Paste this block into any sbatch script that runs Singularity with GPU:

```bash
# Auto-detect Singularity GPU flag
if ls /usr/bin/nvidia-container-cli &>/dev/null; then
    NV_FLAG="--nvccli"
else
    NV_FLAG="--nv"
fi
echo "[singularity] GPU flag: $NV_FLAG"

singularity exec $NV_FLAG "$SIF" command ...
```

---

## Node Reference Table (Tested 2026-03-26)

| Node | GPU | VRAM | Both Flags Work | Recommended |
|------|-----|------|-----------------|-------------|
| zeta | A100 SXM4 80GB | 8× 80GB = 640GB | Yes | `--nvccli` |
| tensorcore | A100 SXM4 40GB | 8× 40GB = 320GB | Yes | `--nvccli` |
| tau | H100 80GB | varies | Yes | `--nvccli` |

> All nodes now support both `--nv` and `--nvccli`. Use `--nvccli` for portability.

## Why `--nvccli` is Recommended

| Reason | Explanation |
|--------|-------------|
| **Modern standard** | Uses `nvidia-container-toolkit`, same as Docker/Podman/Kubernetes |
| **Portable** | Same command works across different container runtimes and clusters |
| **CDI support** | Handles Container Device Interface (the new spec) correctly |
| **Future-proof** | `--nv` is legacy/deprecated upstream |
| **Cleaner isolation** | Delegates GPU setup to dedicated binary, not singularity's library injection |

**Bottom line:** Both work on all nodes. Use `--nvccli` for scripts you want to reuse elsewhere.

---

## User Trip — Cancelling a Live GPU Job (Learned 2026-03-21)

### What Happened

`scancel` was used to kill a running vLLM job (8-way NCCL across all GPUs).
The NCCL workers did not clean up cleanly → GPU memory stayed allocated →
Slurm epilog detected leftover GPU usage → **zeta marked as `UnavailableNodes`**.

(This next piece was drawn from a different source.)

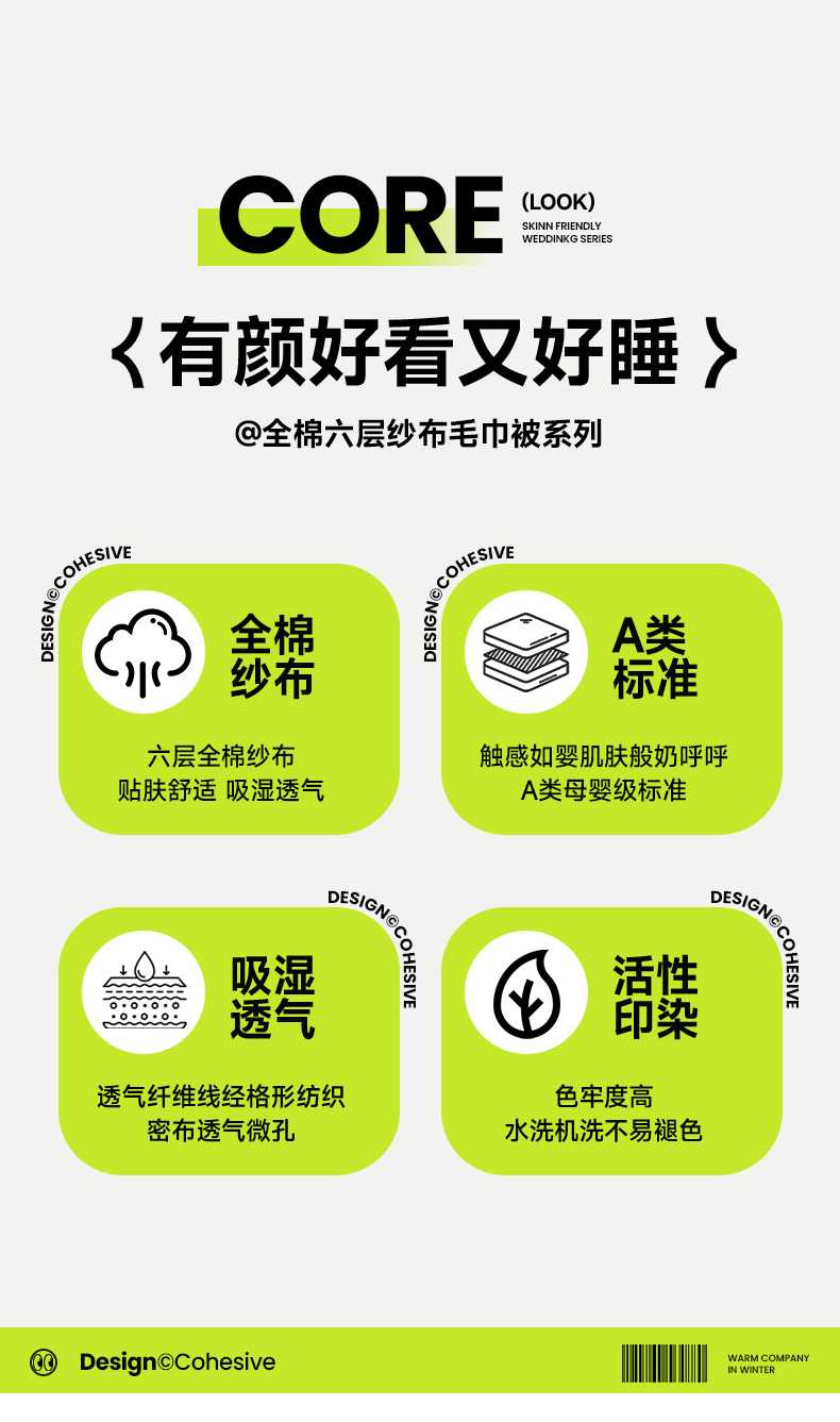 商品名称:小叮当家纺仓储工厂店 (买家秀 爆款花型 不断货)2025新款全棉六层纱布毛巾被系列 熊梦-绿
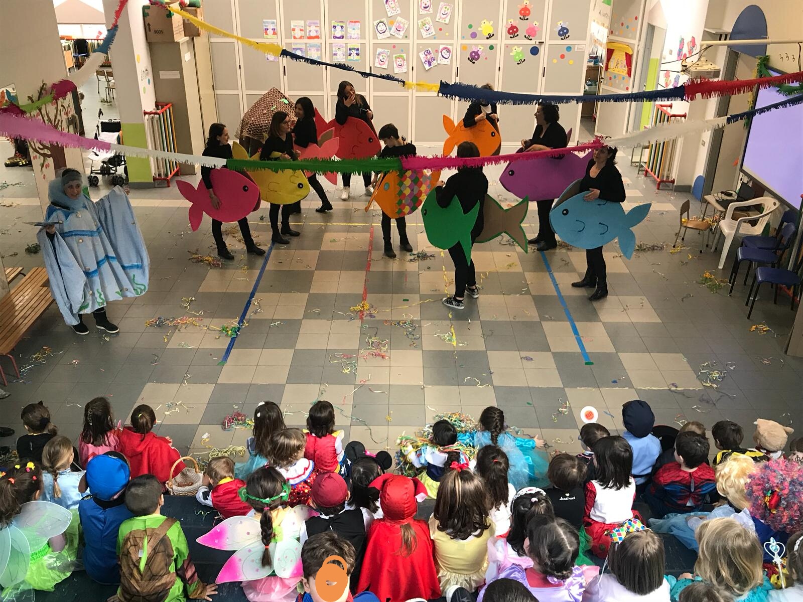 ACQUAVIVA PICENA – Presso la Scuola dell’Infanzia di Acquaviva Picena martedì 13 febbraio in occasione del Carnevale, i genitori, i bambini e le insegnanti dell’Istituto Scolastico dell’Infanzia hanno messo in scena lo spettacolo “Arcobaleno, il pesciolino più bello di tutti i mari”. La rappresentazione è nata dall’estro creativo e dalla passione per le rappresentazioni di un gruppo di genitori che in questo modo hanno regalato grandi emozioni, divertimento e stupore nei loro figli che si sono visti i genitori cimentarsi nella parte dell’attore, accorciando così la distanza tra le famiglie e l’ambiente scolastico, tra i bambini e gli insegnanti e tra il sano divertimento e l’impegno nel realizzare lo spettacolo. Tutta la recita ha coinvolto i presenti in un clima carnascialesco tra musica, balli e colori.

Next job submission: `PENDING (ReqNodeNotAvail, UnavailableNodes:zeta)`

### Fix (admin required)

```bash
# 1. SSH to zeta and check for leftover processes
ps aux | grep -E 'python|vllm|nccl' | grep -v grep

# 2. Check if GPU memory is still held
nvidia-smi | grep -E 'MiB|Processes'

# 3a. If GPU is clear → resume node in Slurm (from login node)
scontrol update node=zeta state=resume

# 3b. If processes still stuck → kill first, then resume
kill -9 $(ps aux | grep python | grep -v grep | awk '{print $2}')
scontrol update node=zeta state=resume
```

### Prevention — Graceful Job Cancellation

Never use bare `scancel` on a live NCCL/multi-GPU Singularity job.
Use SIGINT first to allow clean GPU release:

```bash
scancel --signal=SIGINT <JOBID>   # Ctrl+C → NCCL releases GPU contexts
sleep 10
scancel <JOBID>                   # force kill if still running
```

---

## Symptoms of Wrong Flag

| Symptom | Likely Cause |
|---------|-------------|
| `CUDA not available` / `False 0` | No GPU flag passed at all |
| Container exits immediately | Wrong SIF path or missing image |
| `unrecognized arguments` | Using `singularity run` with vLLM args — use `singularity exec` instead |

> Note: The "`--nv` hangs" issue from earlier versions has been resolved via cluster updates.